Reproduce every record below exactly as written, but leave out any pictures.

### Material to process

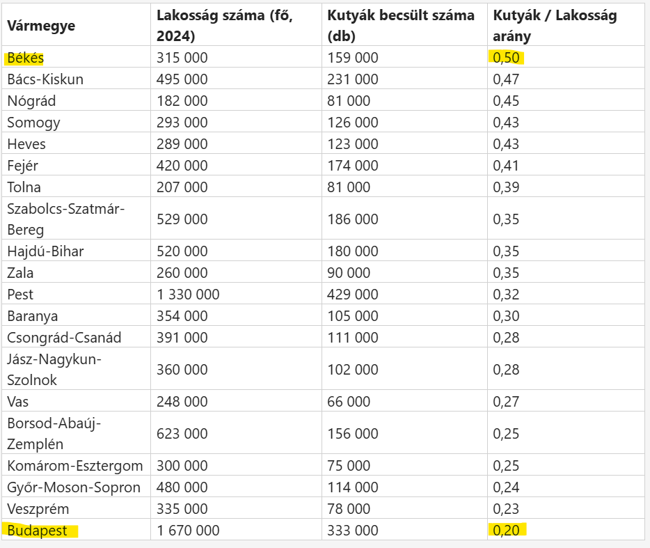 A statisztikák alapján Békés, Bács-Kiskun, Nógrád, Somogy, Heves és Fejér vármegyében kiemelkedően magas a kutyatartók aránya, Csongrád-Csanád vármegyében 391 ezer lakos közül 111 ezren tartanak kutyát.
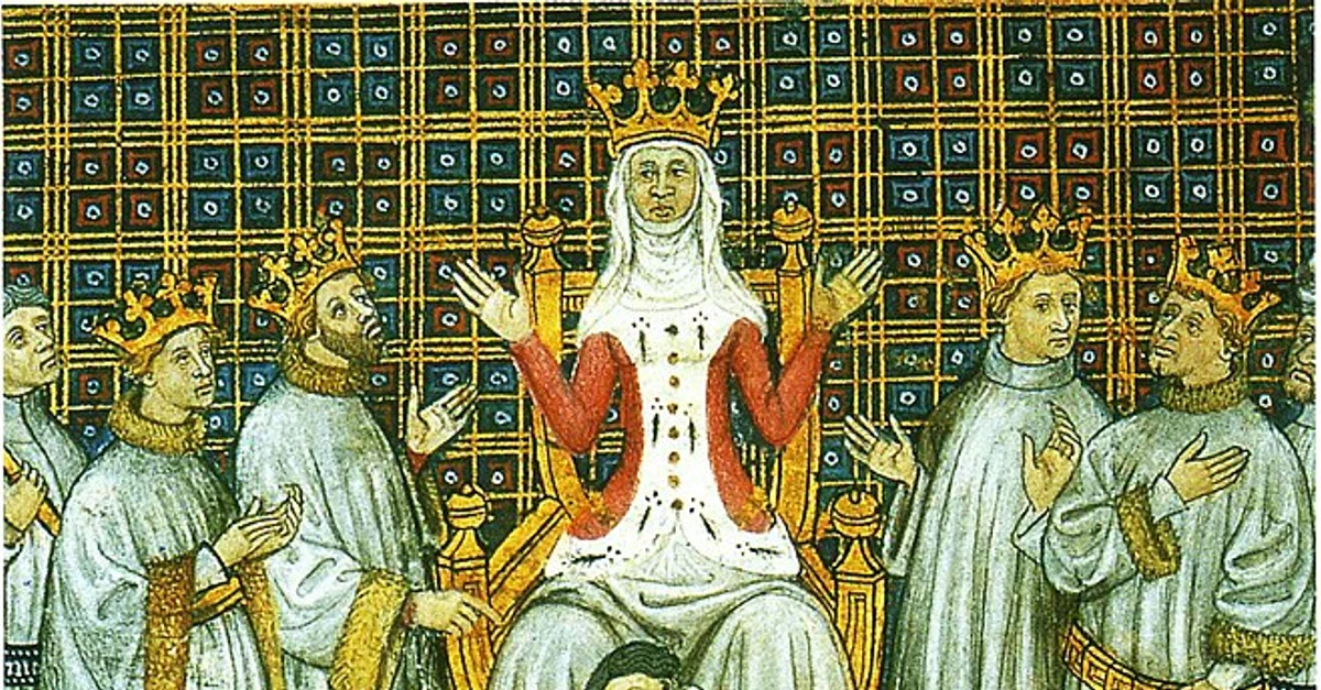 Queen Clotilde (center) presides over the division of Clovis I's kingdom between his four sons (Theuderic I, Chlodomer, Childebert I, and Chlothar I) who are gathered around her.
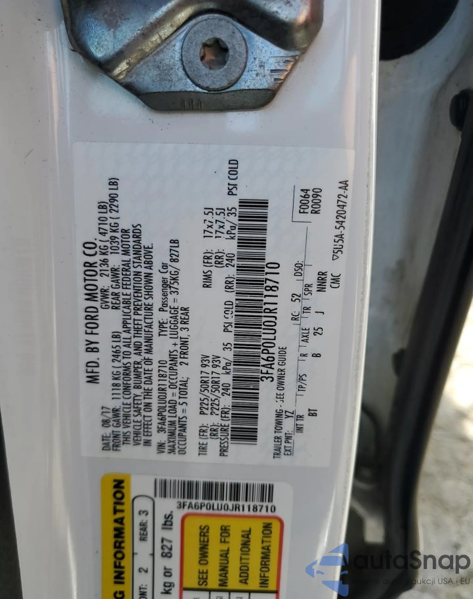 • VIN 3FA6P0LU0JR118710
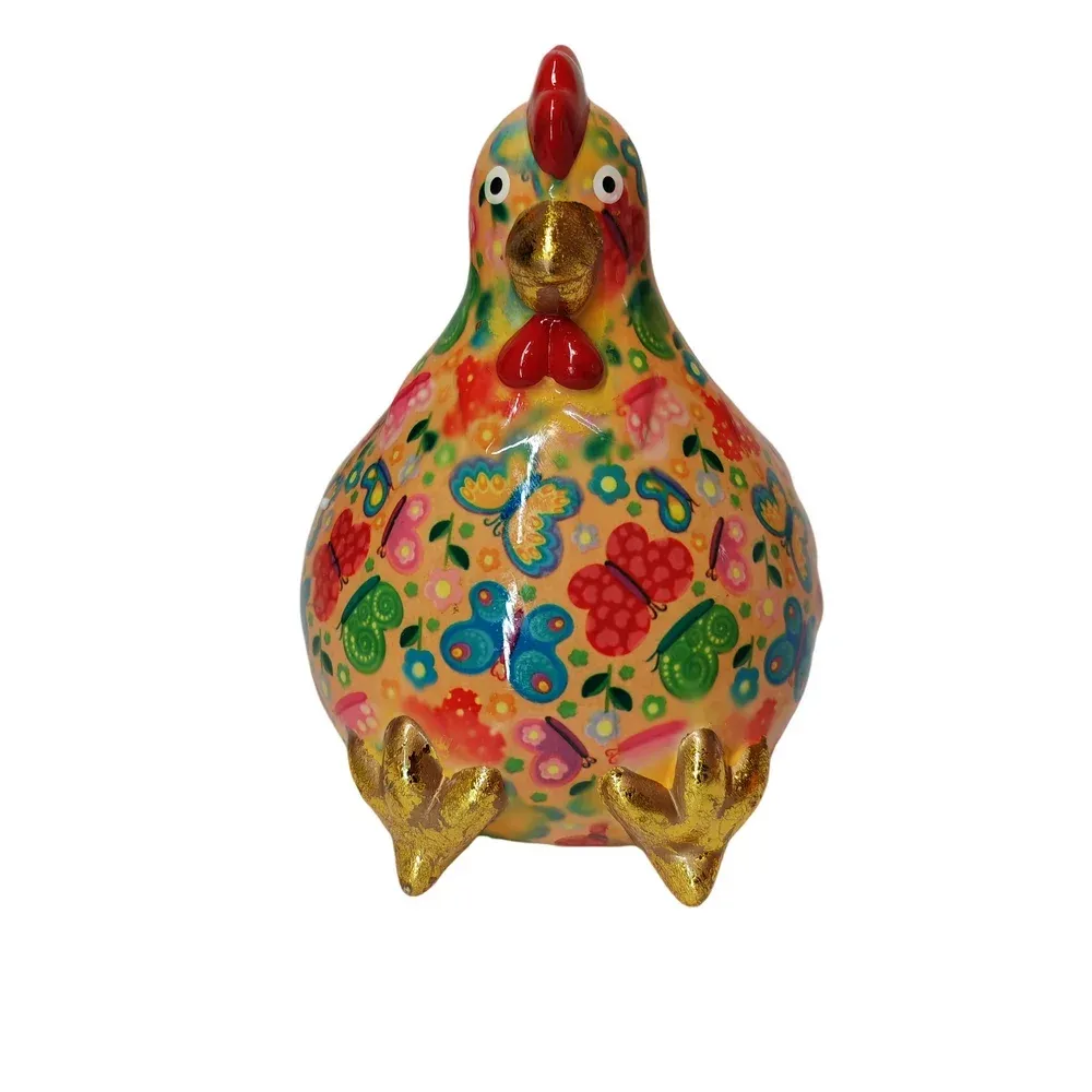TIRELIRE POULE CLAIRE POMME PIDOU PAPILLONS MULTICOLORE
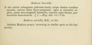 - Eudorea scoriella Wollaston, 1858 [Originalkombination]
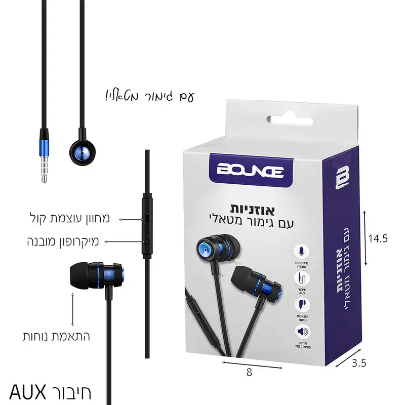 אוזניות חוט מטאלי כחול
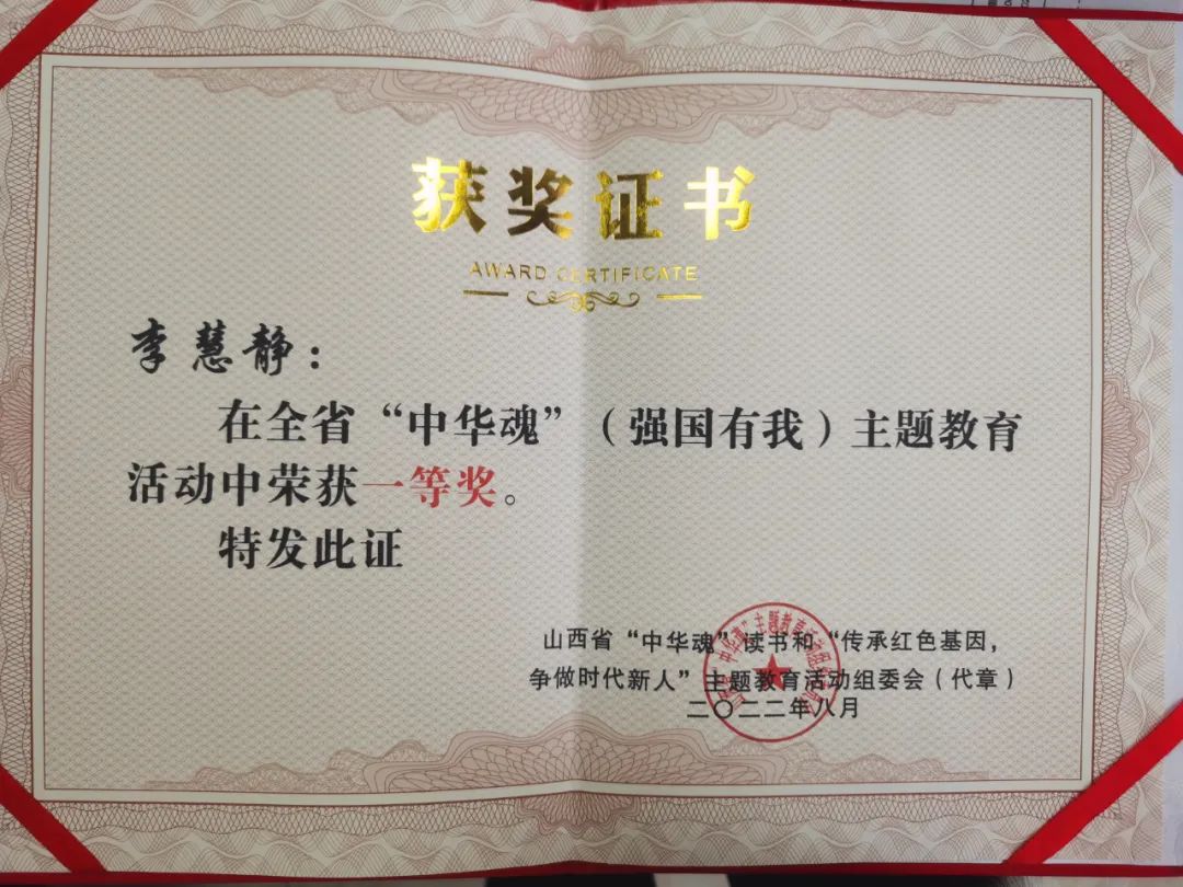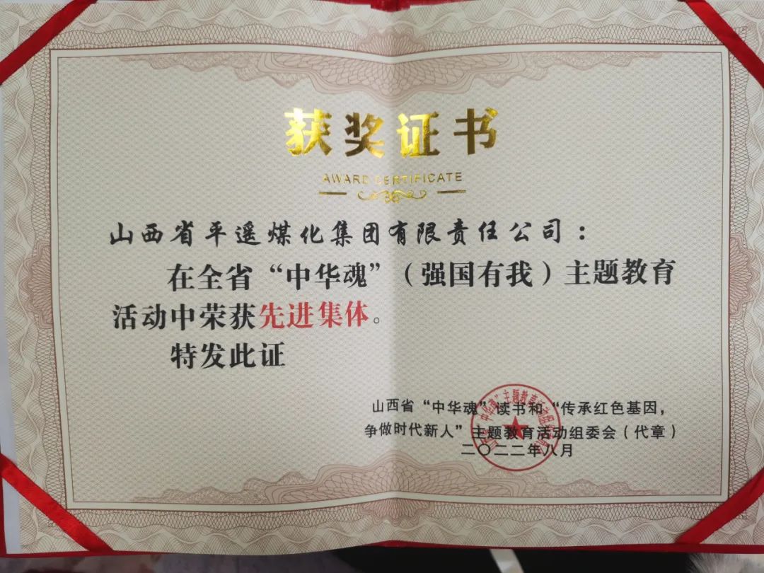 2022年8月,“中華魂”(強國有我)主題教育活動圓滿結束,集團公司員工踴躍報名參加此次活動并榮獲佳績。 其中平遙煤化集團在全省“中華魂”(強國有我)主題教育活動中榮獲先進集體榮譽稱號; 唐都公司張琪在全國“中華魂”(強國有我)主題教育活動中榮獲一等獎,同時在2021年全市“中華魂”演講比賽中榮獲一等獎; 集團公司李慧靜在全省“中華魂”(強國有我)主題教育活動中榮獲一等獎; 集團選煤廠王利棟在全國“中華魂”(強國有我)主題教育活動中榮獲二等獎。 通過此次演講及征文活動,展示了煤化良好的企業(yè)形象和青年職工積極向上的精神風貌,同時也激發(fā)了廣大煤化青年的愛國之情、愛國之志,增強了煤化青年的責任與擔當。 集團公司:冀建政
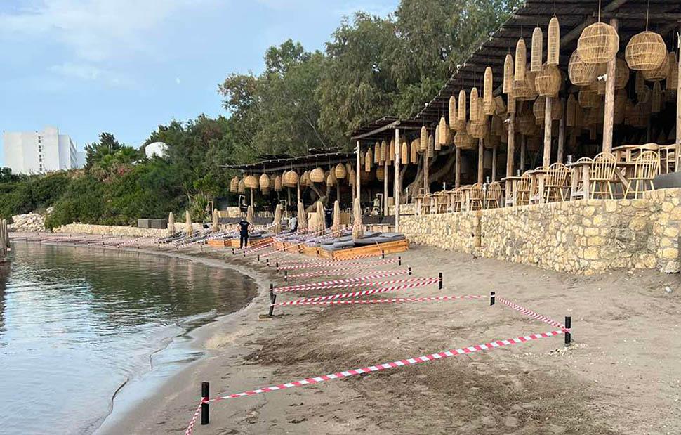 Κατά τον έλεγχο διαπιστώθηκε η εγκατάσταση παράνομων κατασκευών (19 μεταλλικές κατασκευές) εντός της θάλασσας καθώς και παραβάσεις στον αιγιαλό. Ανάλογη παράβαση είχε διαπιστωθεί και πέρυσι, στην ίδια παραλία και από την ίδια επιχείρηση, και αμέσως οι αρμόδιες υπηρεσίες προχώρησαν στην έκδοση των πρωτοκόλλων κατεδάφισης τους.

######

Task response ::
 A statisztikák alapján Békés, Bács-Kiskun, Nógrád, Somogy, Heves és Fejér vármegyében kiemelkedően magas a kutyatartók aránya, Csongrád-Csanád vármegyében 391 ezer lakos közül 111 ezren tartanak kutyát.
 Queen Clotilde (center) presides over the division of Clovis I's kingdom between his four sons (Theuderic I, Chlodomer, Childebert I, and Chlothar I) who are gathered around her.
 • VIN 3FA6P0LU0JR118710
TIRELIRE POULE CLAIRE POMME PIDOU PAPILLONS MULTICOLORE
 - Eudorea scoriella Wollaston, 1858 [Originalkombination]
 אוזניות חוט מטאלי כחול
 2022年8月,“中華魂”(強國有我)主題教育活動圓滿結束,集團公司員工踴躍報名參加此次活動并榮獲佳績。 其中平遙煤化集團在全省“中華魂”(強國有我)主題教育活動中榮獲先進集體榮譽稱號; 唐都公司張琪在全國“中華魂”(強國有我)主題教育活動中榮獲一等獎,同時在2021年全市“中華魂”演講比賽中榮獲一等獎; 集團公司李慧靜在全省“中華魂”(強國有我)主題教育活動中榮獲一等獎; 集團選煤廠王利棟在全國“中華魂”(強國有我)主題教育活動中榮獲二等獎。 通過此次演講及征文活動,展示了煤化良好的企業(yè)形象和青年職工積極向上的精神風貌,同時也激發(fā)了廣大煤化青年的愛國之情、愛國之志,增強了煤化青年的責任與擔當。 集團公司:冀建政
 Κατά τον έλεγχο διαπιστώθηκε η εγκατάσταση παράνομων κατασκευών (19 μεταλλικές κατασκευές) εντός της θάλασσας καθώς και παραβάσεις στον αιγιαλό. Ανάλογη παράβαση είχε διαπιστωθεί και πέρυσι, στην ίδια παραλία και από την ίδια επιχείρηση, και αμέσως οι αρμόδιες υπηρεσίες προχώρησαν στην έκδοση των πρωτοκόλλων κατεδάφισης τους.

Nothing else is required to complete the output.